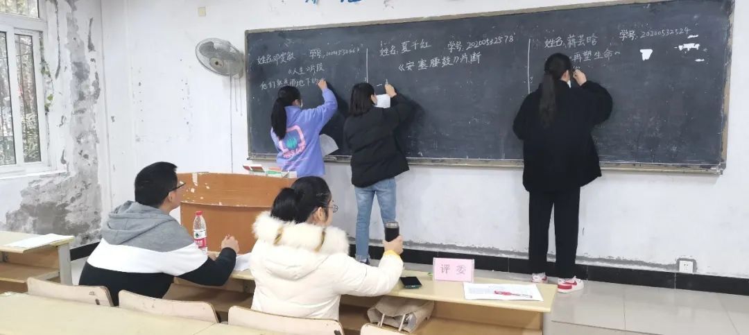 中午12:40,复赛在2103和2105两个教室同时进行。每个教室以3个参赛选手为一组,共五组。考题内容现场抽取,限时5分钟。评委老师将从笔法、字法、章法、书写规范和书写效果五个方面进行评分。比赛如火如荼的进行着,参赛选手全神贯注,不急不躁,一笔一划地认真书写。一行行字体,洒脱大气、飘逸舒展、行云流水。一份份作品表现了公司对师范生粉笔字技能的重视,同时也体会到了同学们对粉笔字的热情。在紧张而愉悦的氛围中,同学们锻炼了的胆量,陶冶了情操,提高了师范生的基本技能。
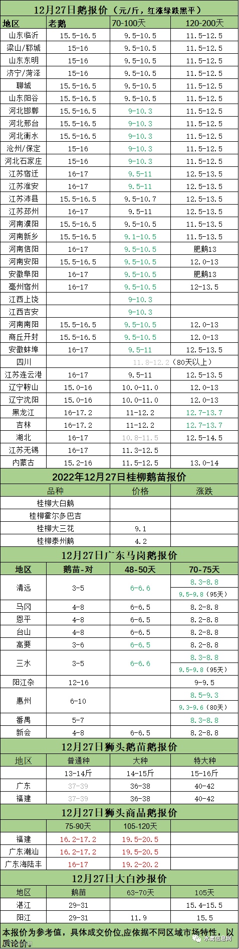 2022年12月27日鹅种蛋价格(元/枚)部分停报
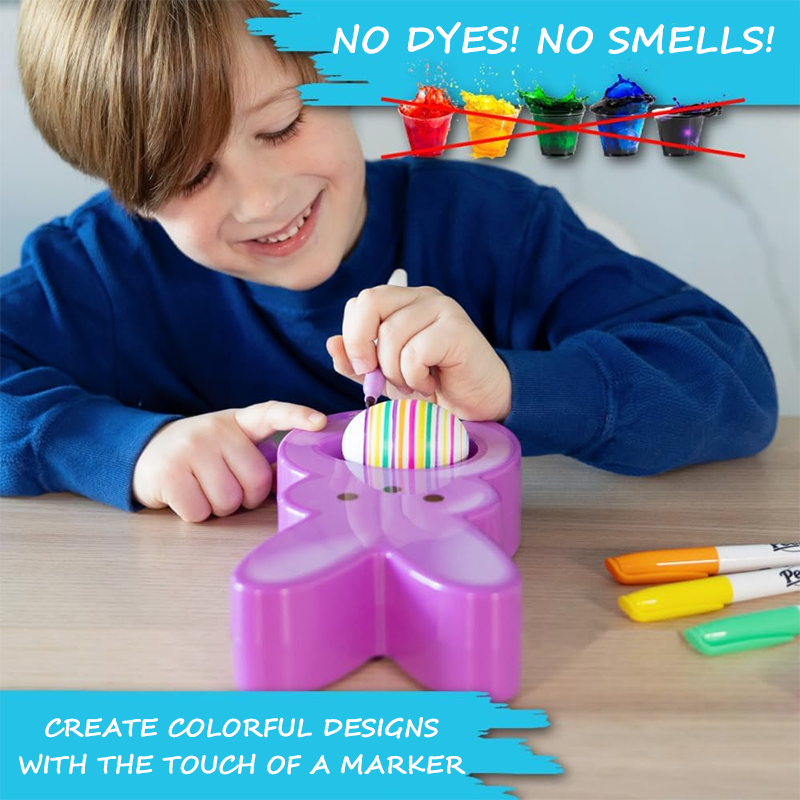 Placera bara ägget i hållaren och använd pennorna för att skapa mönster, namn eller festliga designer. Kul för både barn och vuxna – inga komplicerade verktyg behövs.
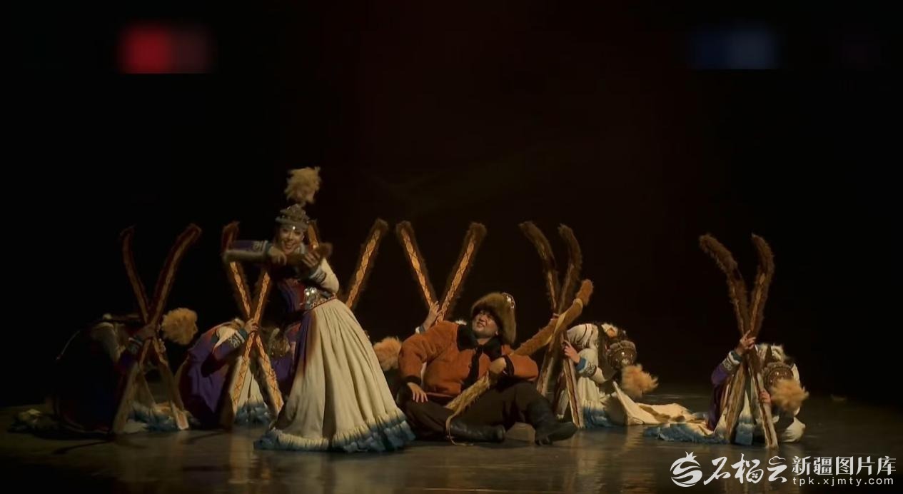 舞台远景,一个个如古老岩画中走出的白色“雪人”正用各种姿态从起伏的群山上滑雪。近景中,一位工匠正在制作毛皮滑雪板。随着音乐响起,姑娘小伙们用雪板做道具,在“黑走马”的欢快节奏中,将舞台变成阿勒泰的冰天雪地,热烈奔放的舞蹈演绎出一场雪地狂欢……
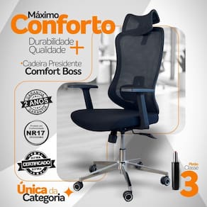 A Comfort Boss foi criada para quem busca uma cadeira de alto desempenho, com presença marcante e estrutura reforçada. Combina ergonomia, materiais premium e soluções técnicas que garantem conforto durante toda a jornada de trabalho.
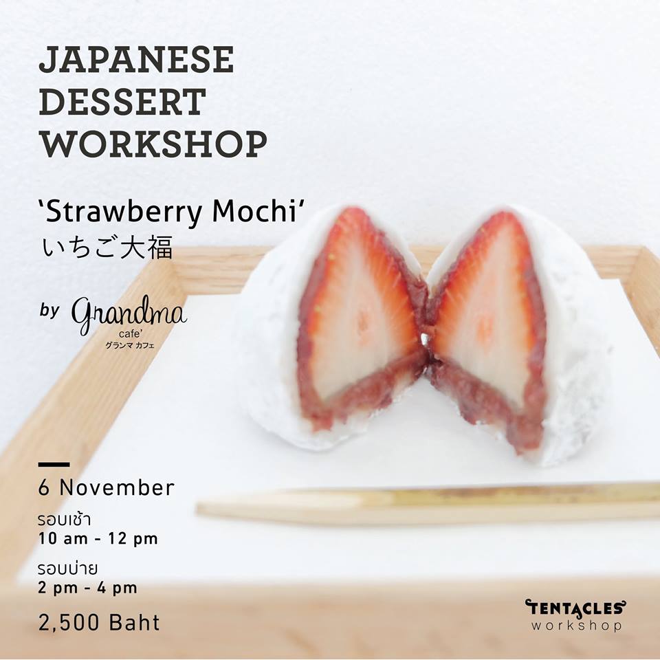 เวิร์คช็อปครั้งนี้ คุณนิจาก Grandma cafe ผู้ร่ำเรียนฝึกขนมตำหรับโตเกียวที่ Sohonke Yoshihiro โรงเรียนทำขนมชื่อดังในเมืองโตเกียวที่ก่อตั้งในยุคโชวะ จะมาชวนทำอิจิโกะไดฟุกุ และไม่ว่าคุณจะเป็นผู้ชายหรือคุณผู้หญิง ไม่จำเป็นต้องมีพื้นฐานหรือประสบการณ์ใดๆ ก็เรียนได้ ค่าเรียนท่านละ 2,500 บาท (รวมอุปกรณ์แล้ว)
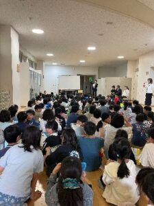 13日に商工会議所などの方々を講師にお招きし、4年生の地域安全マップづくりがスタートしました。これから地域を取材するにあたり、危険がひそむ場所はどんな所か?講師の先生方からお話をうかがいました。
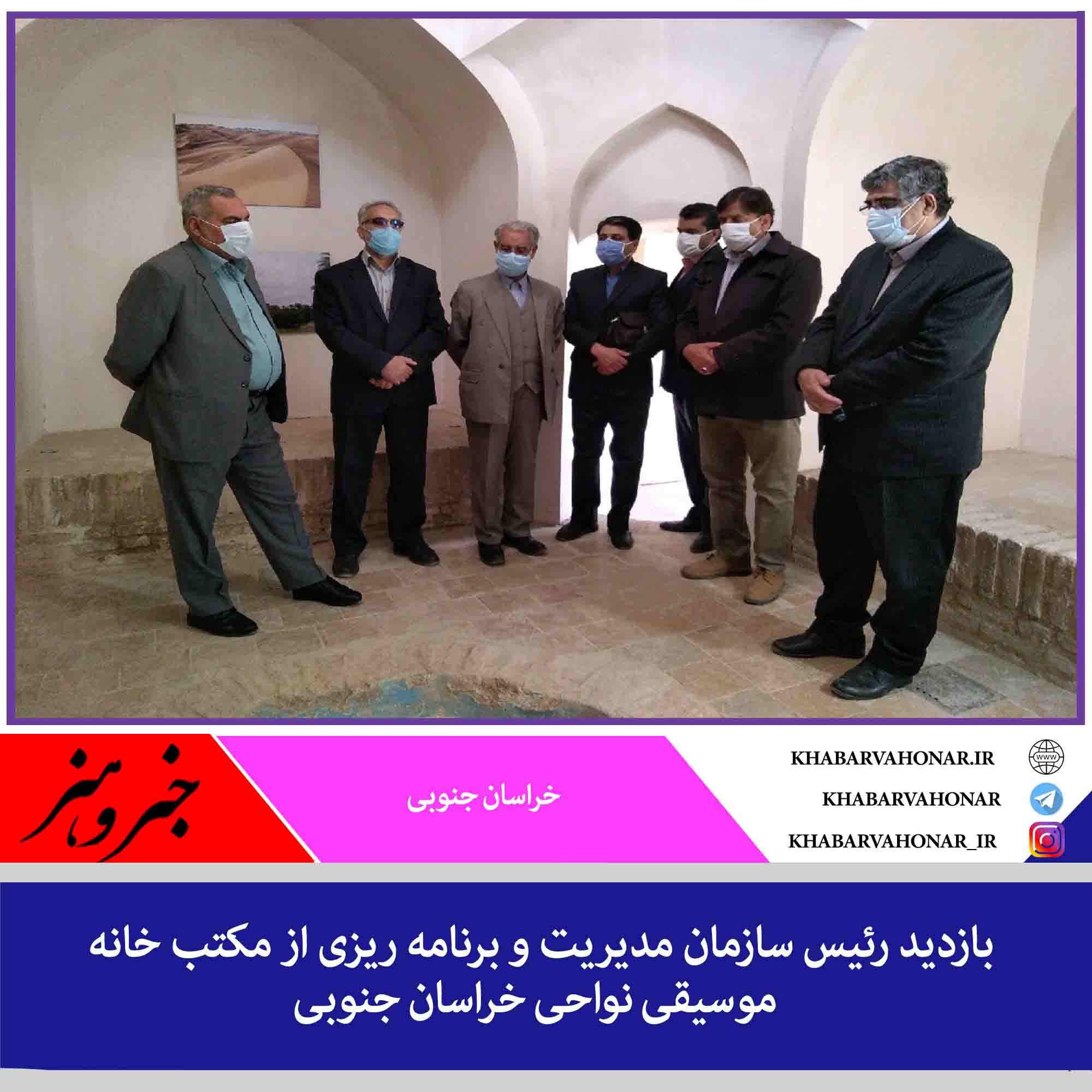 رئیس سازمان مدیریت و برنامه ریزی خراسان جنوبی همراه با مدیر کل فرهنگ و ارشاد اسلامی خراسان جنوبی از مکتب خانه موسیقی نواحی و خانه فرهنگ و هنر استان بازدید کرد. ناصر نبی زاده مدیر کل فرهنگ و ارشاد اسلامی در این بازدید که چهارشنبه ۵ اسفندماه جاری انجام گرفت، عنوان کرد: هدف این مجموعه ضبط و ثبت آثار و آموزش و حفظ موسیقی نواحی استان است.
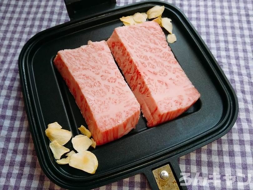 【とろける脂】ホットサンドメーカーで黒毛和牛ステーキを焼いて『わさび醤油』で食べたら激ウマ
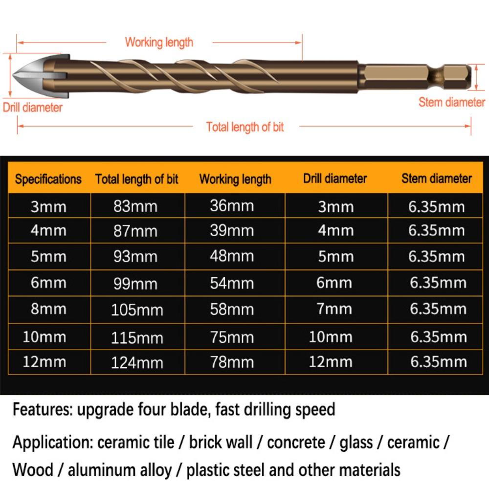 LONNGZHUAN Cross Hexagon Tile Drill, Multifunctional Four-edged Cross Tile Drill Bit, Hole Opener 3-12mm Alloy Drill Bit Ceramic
◇ ◇ ◇ ◇ ◇
TASK OBJECTIVE = Taking the entries above, copy word for word the lines from the one with "Placera bara ägget" up to and including the one with "A Comfort Boss", without any picture.

RESULT =
 Placera bara ägget i hållaren och använd pennorna för att skapa mönster, namn eller festliga designer. Kul för både barn och vuxna – inga komplicerade verktyg behövs.
 舞台远景,一个个如古老岩画中走出的白色“雪人”正用各种姿态从起伏的群山上滑雪。近景中,一位工匠正在制作毛皮滑雪板。随着音乐响起,姑娘小伙们用雪板做道具,在“黑走马”的欢快节奏中,将舞台变成阿勒泰的冰天雪地,热烈奔放的舞蹈演绎出一场雪地狂欢……
 A Comfort Boss foi criada para quem busca uma cadeira de alto desempenho, com presença marcante e estrutura reforçada. Combina ergonomia, materiais premium e soluções técnicas que garantem conforto durante toda a jornada de trabalho.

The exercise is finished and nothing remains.